## TASK DIRECTIONS
If pictures appear, leave them out, and return exactly the lines from the one holding "NPO en neuro-imaging" through the last line of the listing below.

## AVAILABLE DATA
---

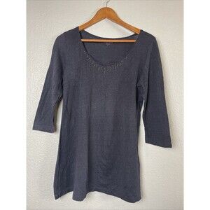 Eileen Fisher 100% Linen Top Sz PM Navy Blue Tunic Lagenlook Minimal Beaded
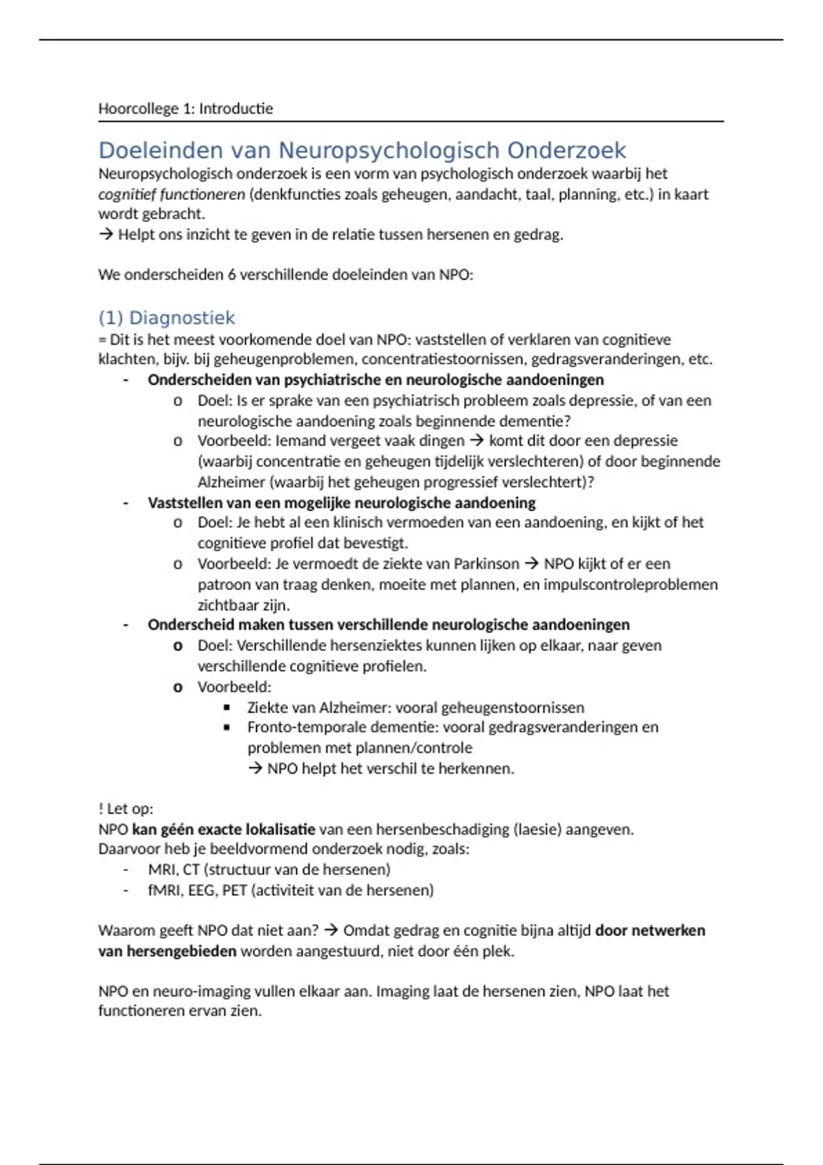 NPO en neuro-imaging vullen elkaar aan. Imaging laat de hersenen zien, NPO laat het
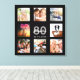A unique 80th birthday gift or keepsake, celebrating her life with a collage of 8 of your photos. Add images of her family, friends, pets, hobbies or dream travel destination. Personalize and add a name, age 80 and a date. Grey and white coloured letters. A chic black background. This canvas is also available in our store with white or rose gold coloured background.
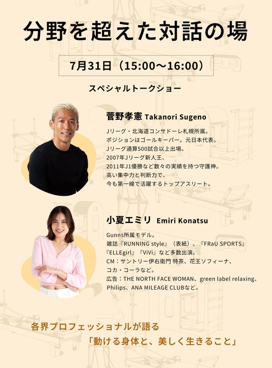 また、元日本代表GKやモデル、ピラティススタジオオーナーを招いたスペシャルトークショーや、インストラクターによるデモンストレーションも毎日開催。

---

## ANSWER SECTION
 NPO en neuro-imaging vullen elkaar aan. Imaging laat de hersenen zien, NPO laat het
A unique 80th birthday gift or keepsake, celebrating her life with a collage of 8 of your photos. Add images of her family, friends, pets, hobbies or dream travel destination. Personalize and add a name, age 80 and a date. Grey and white coloured letters. A chic black background. This canvas is also available in our store with white or rose gold coloured background.
 また、元日本代表GKやモデル、ピラティススタジオオーナーを招いたスペシャルトークショーや、インストラクターによるデモンストレーションも毎日開催。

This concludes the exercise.